Supplied information ▸
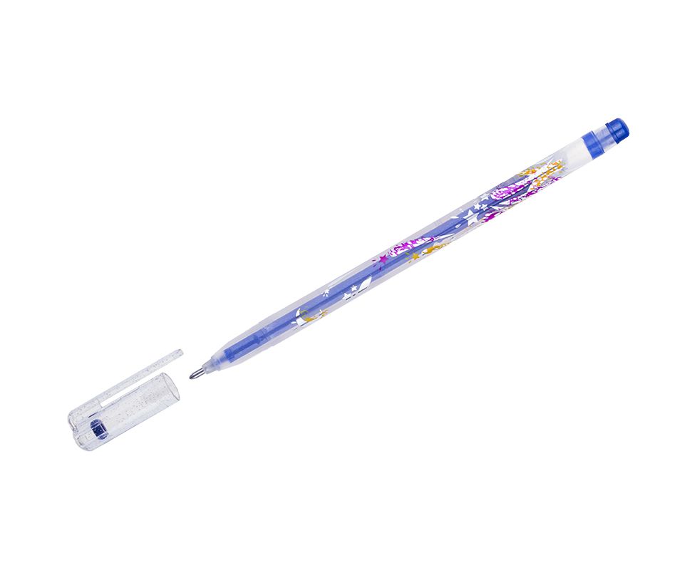 Ручка гелевая CROWN синяя с блёстками, 1мм
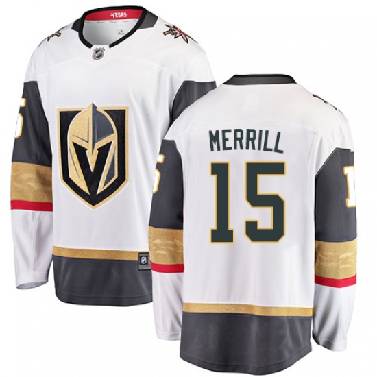 Home>NHL>Vegas Golden Knights>Jon Merrill>Men's Vegas Golden Knights #15 Jon Merrill Authentic White Away Fanatics Branded Breakaway NHL Jersey
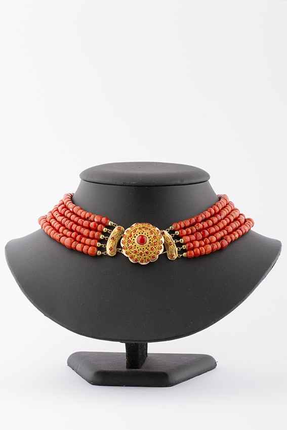 5-strengs bloedkoralen collier aan 14 krt. gouden klederdracht slot.
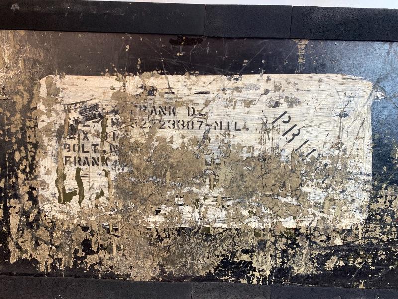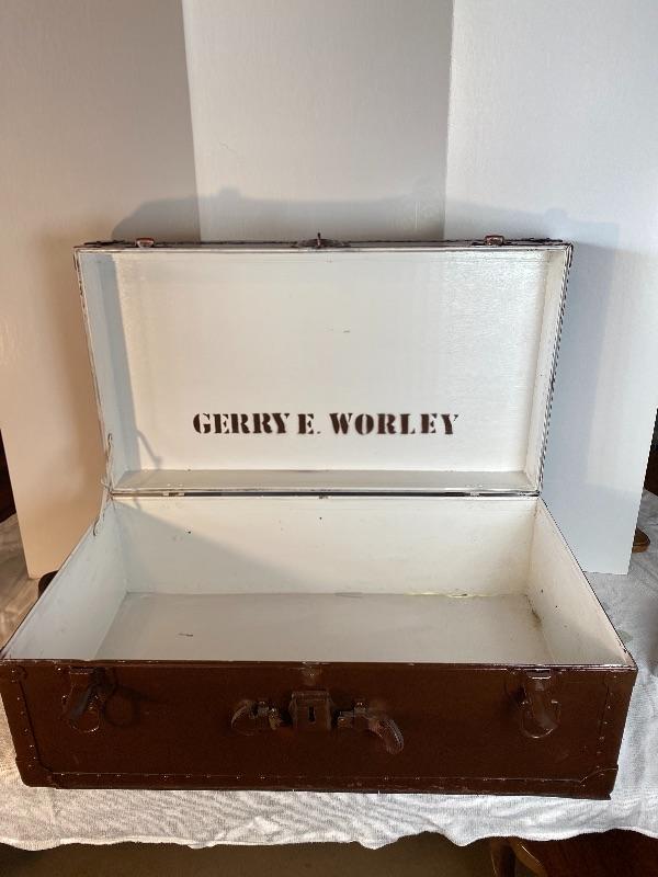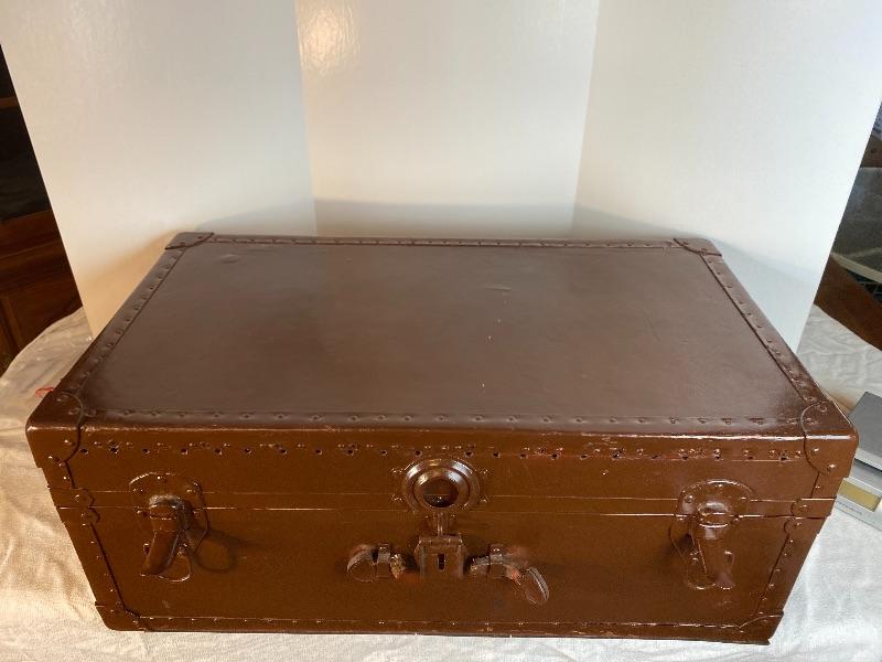 Lot# 202 Vintage Trunk Painted Brown White Military Marked on bottom

Your objective ▸
Begin at the line containing "Home>NHL>Vegas Golden Knights>Jon" and stop at the last line of the data. Repeat only those lines, exactly, and leave out the pictures.

Answer area ▸
 Home>NHL>Vegas Golden Knights>Jon Merrill>Men's Vegas Golden Knights #15 Jon Merrill Authentic White Away Fanatics Branded Breakaway NHL Jersey
 5-strengs bloedkoralen collier aan 14 krt. gouden klederdracht slot.
 Lot# 202 Vintage Trunk Painted Brown White Military Marked on bottom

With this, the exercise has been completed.